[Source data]
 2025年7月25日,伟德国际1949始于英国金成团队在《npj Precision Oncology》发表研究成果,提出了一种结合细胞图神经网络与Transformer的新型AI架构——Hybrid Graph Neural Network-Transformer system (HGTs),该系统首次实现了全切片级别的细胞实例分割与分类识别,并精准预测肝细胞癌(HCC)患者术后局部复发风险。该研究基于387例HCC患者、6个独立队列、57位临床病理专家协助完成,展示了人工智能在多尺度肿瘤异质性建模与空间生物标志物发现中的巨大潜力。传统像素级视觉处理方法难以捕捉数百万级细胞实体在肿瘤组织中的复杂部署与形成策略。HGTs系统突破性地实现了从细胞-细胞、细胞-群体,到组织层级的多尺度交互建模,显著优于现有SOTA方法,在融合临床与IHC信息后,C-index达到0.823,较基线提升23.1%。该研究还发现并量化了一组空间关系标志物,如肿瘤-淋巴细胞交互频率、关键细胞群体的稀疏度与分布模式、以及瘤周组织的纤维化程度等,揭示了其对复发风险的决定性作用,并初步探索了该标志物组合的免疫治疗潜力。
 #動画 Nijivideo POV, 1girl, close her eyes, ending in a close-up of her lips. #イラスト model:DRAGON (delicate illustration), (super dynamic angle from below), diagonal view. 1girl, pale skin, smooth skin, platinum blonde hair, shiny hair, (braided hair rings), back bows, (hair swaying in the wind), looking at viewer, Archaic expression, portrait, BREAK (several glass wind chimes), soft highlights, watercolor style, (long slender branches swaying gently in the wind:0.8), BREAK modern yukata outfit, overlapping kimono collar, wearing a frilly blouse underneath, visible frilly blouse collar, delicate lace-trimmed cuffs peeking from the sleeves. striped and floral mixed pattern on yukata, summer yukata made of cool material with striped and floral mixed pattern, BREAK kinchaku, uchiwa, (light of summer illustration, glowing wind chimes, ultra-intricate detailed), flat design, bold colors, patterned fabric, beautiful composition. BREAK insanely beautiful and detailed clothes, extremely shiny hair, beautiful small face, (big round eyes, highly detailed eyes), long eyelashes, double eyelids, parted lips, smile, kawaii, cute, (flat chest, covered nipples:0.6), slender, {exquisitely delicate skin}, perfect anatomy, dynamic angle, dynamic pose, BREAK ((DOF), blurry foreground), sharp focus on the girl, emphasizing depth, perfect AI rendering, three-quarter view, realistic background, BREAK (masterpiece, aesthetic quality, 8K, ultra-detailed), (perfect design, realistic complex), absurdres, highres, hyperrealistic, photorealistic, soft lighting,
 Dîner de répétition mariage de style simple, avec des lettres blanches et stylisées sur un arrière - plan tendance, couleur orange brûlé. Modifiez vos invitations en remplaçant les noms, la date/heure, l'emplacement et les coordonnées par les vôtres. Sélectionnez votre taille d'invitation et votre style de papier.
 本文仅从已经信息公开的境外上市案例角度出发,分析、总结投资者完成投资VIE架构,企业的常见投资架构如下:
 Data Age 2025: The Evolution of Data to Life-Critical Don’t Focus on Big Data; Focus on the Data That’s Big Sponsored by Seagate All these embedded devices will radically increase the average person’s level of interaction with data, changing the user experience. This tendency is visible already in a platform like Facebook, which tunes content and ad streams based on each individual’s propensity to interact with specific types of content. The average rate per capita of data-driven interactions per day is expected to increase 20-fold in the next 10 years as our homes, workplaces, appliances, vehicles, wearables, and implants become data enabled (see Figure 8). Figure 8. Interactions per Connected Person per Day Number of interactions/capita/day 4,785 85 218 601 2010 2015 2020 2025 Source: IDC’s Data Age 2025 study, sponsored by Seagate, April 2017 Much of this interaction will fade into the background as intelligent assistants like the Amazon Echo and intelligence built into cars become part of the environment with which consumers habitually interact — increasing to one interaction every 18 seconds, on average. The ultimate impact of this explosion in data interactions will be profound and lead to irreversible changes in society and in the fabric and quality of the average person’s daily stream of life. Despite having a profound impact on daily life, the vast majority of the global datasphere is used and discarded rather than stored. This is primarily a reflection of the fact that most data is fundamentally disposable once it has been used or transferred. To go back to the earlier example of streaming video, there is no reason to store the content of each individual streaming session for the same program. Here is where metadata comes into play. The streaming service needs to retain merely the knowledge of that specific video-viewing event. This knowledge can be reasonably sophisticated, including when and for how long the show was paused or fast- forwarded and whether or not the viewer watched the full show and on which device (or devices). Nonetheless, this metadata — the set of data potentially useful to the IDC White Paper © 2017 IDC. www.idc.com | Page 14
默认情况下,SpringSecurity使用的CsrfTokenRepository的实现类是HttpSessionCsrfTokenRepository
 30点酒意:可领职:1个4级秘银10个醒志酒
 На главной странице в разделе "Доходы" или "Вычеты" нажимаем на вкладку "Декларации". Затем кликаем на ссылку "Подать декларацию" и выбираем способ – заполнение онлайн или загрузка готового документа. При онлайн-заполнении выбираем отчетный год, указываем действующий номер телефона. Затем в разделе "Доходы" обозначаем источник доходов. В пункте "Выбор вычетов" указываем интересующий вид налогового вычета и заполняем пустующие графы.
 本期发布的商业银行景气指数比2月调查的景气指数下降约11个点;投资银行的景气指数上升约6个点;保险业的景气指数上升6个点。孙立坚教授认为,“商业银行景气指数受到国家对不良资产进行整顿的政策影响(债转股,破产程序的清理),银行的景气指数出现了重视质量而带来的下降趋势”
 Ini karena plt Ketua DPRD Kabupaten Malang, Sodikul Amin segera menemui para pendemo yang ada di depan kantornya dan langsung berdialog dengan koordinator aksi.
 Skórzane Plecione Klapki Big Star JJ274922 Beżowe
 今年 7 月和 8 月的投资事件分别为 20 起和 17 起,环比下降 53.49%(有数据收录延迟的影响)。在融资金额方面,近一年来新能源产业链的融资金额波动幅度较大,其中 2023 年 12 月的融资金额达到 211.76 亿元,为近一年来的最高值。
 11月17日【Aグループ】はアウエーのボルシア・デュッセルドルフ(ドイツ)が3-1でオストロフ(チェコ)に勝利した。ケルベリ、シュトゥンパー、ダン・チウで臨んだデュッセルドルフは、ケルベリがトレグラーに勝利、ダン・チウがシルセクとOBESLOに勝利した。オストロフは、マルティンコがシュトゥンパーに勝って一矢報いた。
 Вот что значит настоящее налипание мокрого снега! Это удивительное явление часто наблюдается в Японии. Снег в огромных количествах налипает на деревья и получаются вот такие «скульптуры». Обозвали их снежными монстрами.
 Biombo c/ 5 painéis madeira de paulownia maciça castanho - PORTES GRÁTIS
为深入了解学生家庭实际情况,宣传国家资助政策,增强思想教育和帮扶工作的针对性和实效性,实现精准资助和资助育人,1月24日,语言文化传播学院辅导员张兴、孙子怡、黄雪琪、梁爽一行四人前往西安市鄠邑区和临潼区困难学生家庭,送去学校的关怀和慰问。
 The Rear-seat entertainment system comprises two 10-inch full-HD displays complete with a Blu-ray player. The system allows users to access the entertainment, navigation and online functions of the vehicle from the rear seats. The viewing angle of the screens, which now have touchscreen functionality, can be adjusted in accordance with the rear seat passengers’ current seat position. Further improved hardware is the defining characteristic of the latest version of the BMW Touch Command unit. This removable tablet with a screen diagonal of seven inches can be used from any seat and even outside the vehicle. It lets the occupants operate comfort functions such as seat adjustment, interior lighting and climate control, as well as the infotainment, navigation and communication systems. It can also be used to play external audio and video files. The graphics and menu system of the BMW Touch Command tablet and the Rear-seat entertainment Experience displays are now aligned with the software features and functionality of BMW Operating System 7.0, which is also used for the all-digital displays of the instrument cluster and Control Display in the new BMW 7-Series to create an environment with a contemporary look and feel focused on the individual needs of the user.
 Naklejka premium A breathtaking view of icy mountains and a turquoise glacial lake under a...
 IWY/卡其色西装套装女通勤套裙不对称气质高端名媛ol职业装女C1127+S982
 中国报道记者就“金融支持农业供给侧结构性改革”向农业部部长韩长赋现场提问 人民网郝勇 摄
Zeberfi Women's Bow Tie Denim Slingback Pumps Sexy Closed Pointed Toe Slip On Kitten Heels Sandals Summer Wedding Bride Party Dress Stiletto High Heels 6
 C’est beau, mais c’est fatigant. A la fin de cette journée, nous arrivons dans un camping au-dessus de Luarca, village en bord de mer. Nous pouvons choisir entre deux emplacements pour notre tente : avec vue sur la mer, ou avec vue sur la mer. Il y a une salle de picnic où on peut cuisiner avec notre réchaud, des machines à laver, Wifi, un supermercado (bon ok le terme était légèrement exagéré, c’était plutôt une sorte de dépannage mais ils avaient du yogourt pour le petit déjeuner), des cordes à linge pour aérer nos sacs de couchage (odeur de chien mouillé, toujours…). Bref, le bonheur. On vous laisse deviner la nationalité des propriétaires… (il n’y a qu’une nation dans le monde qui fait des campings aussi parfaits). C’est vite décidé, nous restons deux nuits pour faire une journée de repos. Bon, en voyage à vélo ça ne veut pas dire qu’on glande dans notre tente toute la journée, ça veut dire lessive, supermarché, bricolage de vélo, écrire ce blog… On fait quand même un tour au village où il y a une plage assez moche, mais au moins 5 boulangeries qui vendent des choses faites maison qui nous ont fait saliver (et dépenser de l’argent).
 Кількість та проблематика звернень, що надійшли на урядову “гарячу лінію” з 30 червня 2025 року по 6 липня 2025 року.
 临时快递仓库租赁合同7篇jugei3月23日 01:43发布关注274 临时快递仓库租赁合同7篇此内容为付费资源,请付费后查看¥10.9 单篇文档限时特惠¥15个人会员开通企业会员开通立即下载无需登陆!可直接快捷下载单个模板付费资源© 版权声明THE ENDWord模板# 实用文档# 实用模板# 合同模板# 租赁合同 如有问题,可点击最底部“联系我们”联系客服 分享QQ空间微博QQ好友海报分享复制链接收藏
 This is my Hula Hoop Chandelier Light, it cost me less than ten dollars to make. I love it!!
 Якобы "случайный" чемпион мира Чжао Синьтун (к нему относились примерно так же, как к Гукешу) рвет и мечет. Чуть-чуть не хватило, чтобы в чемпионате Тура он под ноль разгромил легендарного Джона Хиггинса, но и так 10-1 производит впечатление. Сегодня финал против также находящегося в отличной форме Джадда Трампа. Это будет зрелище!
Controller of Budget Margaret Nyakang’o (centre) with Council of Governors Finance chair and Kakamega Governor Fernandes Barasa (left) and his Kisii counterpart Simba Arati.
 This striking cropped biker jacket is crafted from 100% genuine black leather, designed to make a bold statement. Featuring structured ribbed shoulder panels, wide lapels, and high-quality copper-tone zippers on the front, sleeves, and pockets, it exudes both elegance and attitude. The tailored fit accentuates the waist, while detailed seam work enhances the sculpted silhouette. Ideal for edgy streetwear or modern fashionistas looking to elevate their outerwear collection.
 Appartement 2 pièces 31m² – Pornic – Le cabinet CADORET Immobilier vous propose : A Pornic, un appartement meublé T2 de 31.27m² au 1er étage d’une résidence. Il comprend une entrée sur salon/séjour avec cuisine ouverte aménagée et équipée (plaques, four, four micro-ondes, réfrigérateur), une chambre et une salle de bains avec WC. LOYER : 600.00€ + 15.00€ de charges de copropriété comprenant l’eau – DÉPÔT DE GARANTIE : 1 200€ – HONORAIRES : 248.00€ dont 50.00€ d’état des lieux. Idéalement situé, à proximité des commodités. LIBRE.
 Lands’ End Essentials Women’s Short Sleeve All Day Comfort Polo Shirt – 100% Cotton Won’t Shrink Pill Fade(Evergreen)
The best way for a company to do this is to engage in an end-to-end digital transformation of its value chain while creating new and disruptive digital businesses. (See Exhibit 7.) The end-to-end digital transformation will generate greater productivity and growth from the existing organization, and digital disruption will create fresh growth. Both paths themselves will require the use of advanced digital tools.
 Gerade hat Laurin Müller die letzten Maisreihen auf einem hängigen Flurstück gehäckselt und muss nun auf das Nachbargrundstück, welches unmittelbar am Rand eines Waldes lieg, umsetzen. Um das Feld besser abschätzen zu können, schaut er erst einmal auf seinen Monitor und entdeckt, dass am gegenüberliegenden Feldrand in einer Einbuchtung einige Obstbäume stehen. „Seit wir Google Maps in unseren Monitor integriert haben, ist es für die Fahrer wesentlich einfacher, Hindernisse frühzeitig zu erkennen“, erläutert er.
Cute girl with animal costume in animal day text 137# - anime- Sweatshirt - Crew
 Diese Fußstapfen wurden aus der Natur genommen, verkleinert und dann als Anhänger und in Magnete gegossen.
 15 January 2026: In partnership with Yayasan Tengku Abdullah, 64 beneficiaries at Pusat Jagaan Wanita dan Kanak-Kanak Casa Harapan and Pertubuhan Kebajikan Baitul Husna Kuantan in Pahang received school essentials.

TRY IT -
The answer must consist of every line from the data that contains the word "make".

RESPONSE TO THE TASK -
 This is my Hula Hoop Chandelier Light, it cost me less than ten dollars to make. I love it!!
 This striking cropped biker jacket is crafted from 100% genuine black leather, designed to make a bold statement. Featuring structured ribbed shoulder panels, wide lapels, and high-quality copper-tone zippers on the front, sleeves, and pockets, it exudes both elegance and attitude. The tailored fit accentuates the waist, while detailed seam work enhances the sculpted silhouette. Ideal for edgy streetwear or modern fashionistas looking to elevate their outerwear collection.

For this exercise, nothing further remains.